# Veterans Day Parade flyovers



## evangilder (Nov 13, 2010)

The Veterans Day parade in Santa Barbara was today. We took off in a flight of three T-34s with a T-28 trailing. Two passes down State Street and 2 passes over the beach made for a fun flight. They we flew a beach run home. 

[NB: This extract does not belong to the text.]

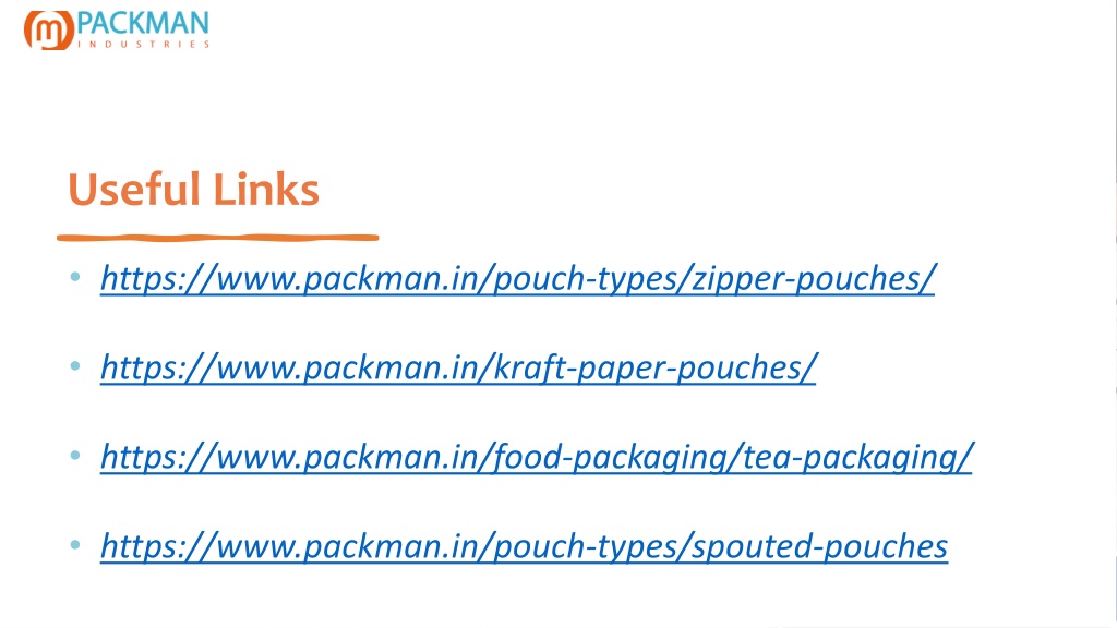 Useful Links • https://www.packman.in/pouch-types/zipper-pouches/ • https://www.packman.in/kraft-paper-pouches/ • https://www.packman.in/food-packaging/tea-packaging/ • https://www.packman.in/pouch-types/spouted-pouches

It's always a big honor to be part of Memorial Day and Veterans Days flights to honor our veterans.


----------



## Violator (Nov 14, 2010)

Spectacular as always, Eric. Thanks for sharing!


----------



## Gnomey (Nov 14, 2010)

Great shots Eric!


----------



## FLYBOYJ (Nov 14, 2010)

To


----------



## evangilder (Nov 14, 2010)

Thanks guys. Flying with these guys makes it easy to get good shots.


----------



## ToughOmbre (Nov 14, 2010)

Awesome stuff Eric!

TO


----------



## vikingBerserker (Nov 14, 2010)

Nice! I love the 4th one.


----------



## evangilder (Nov 14, 2010)

Been streamlining the posting process and the shots are up on the website.  Click the link below to check it out.


----------



## wheelsup_cavu (Nov 21, 2010)

Great pics Eric. 
I always wonder when you see a picture like this one what the person was looking at.
http://www.ww2aircraft.net/forum/at...180-veterans-day-parade-flyovers-dsc_2409.jpg


Wheels


----------



## evangilder (Nov 21, 2010)

He was checking for the T-28 that was originally in trail with us. It is always good to be a second set of eyes in the cockpit.


----------



## Airframes (Nov 22, 2010)

Great pics as always Eric, and good formation flying too.


----------



## evangilder (Dec 8, 2010)

My buddy, who was in the red and white T-34 sent these over.


----------



## Gnomey (Dec 8, 2010)

Nice shots Eric! Looks like it was a blast.


----------



## Aaron Brooks Wolters (Dec 8, 2010)

How'd I miss this?!!!!! Very cool shots sir.


----------



## evangilder (Dec 8, 2010)

Thanks guys. Best office in the world. 8)


----------



## Aaron Brooks Wolters (Dec 8, 2010)

Yah don't say!


----------